Population et la croissance économique ont provoqué une demande croissante de nourriture, d'eau et de combustibles. Une grande partie de ces fournitures sont produits, transformés et transportés par des moyens à base de fossiles-finis, tels que le pétrole. Il est clair, cependant, que cette pratique n'est pas durable, et le développement de ressources alternatives sera donc d'une grande importance 1. Beaucoup de ressources renouvelables sont, à des degrés divers, déjà exploitées, y compris le vent, le mouvement de l'eau, solaire, géothermique, et agitent des sources d'énergie à base. Une autre ressource durable et largement inexploité est la biomasse à partir de plantes. Cette ressource offre également un moyen très rentable de convertir l'énergie solaire en carburants dérivés 2. En plus de fournir du carburant à base de bio-, la biomasse végétale offre également des opportunités uniques pour les produits de remplacement, y compris les plastiques, les détergents et les produits chimiques de grande valeur.

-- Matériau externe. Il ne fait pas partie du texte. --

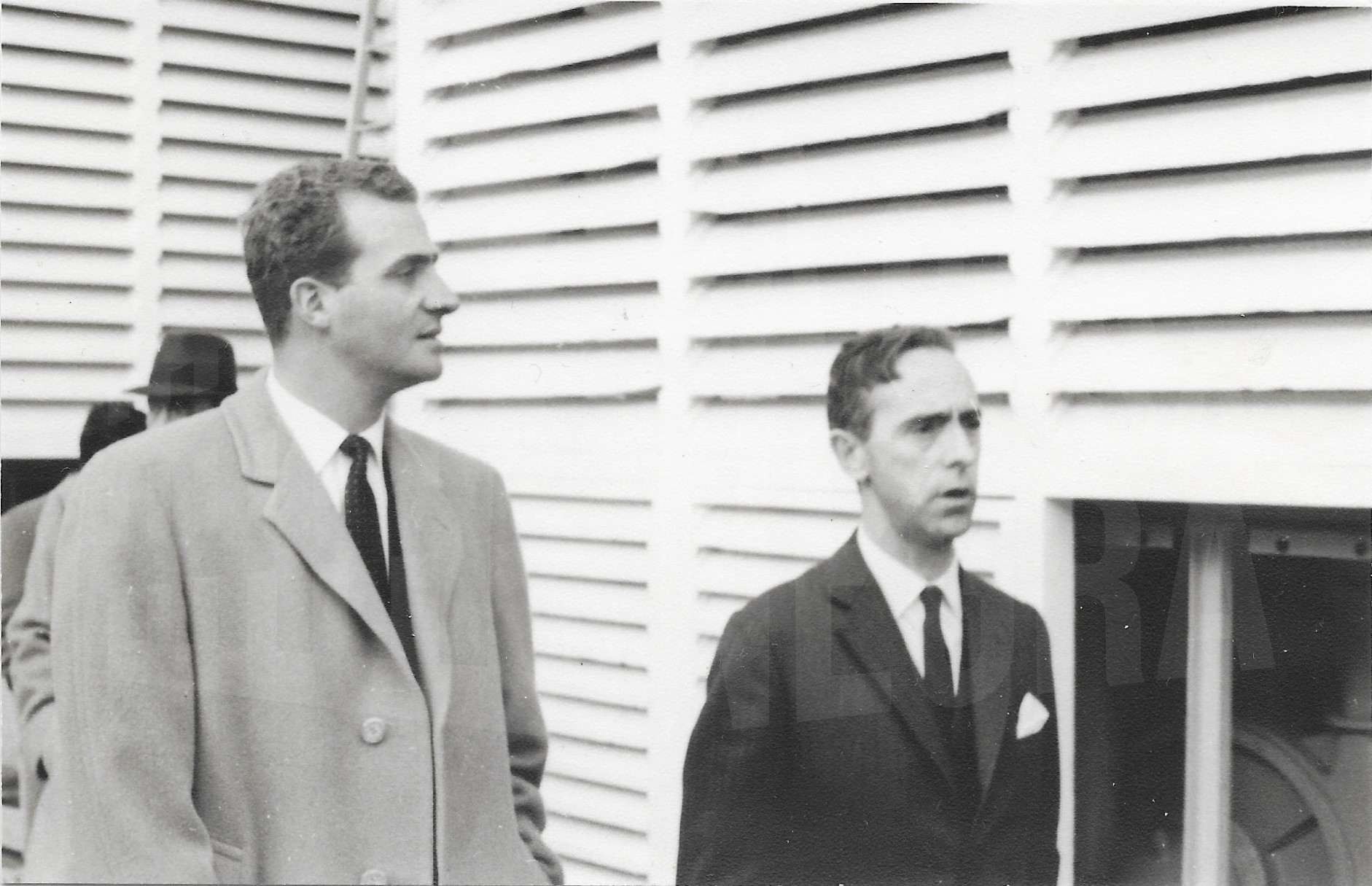 El príncipe Juan Carlos y otra persona durante la visita oficial a la fábrica de MAFE (Manufacturas Fotográficas Españolas) en Aranjuez

La paroi de la cellule végétale, qui se compose essentiellement de polymères à base de sucre, MAKes la masse principale de la biomasse de la plante et beaucoup d'efforts sont actuellement investis dans la conversion efficace en bioéthanol. La biomasse restante peut ensuite être transformé en biogaz et liées au pétrole produits 3. Une grande partie des espèces de plantes vivaces, y compris les herbes et les arbres, qui produisent de grandes quantités de biomasse cellulosique poussent généralement mieux dans les zones tempérées. Cependant, environ 20% de la superficie des terres semi-arides, et est donc également sujettes à la sécheresse 4. De toute évidence, il serait intéressant de cultiver aussi ces terres arides avec des plantes qui pourraient contribuer efficacement à la production durable d'énergie et de matériel. Ces plantes ont besoin d'avoir une efficacité de l'utilisation optimale de l'eau et résistance à la sécheresse et inclurait l'arbre de tabac (Nicotiana glauca) et des espèces du genre Agave.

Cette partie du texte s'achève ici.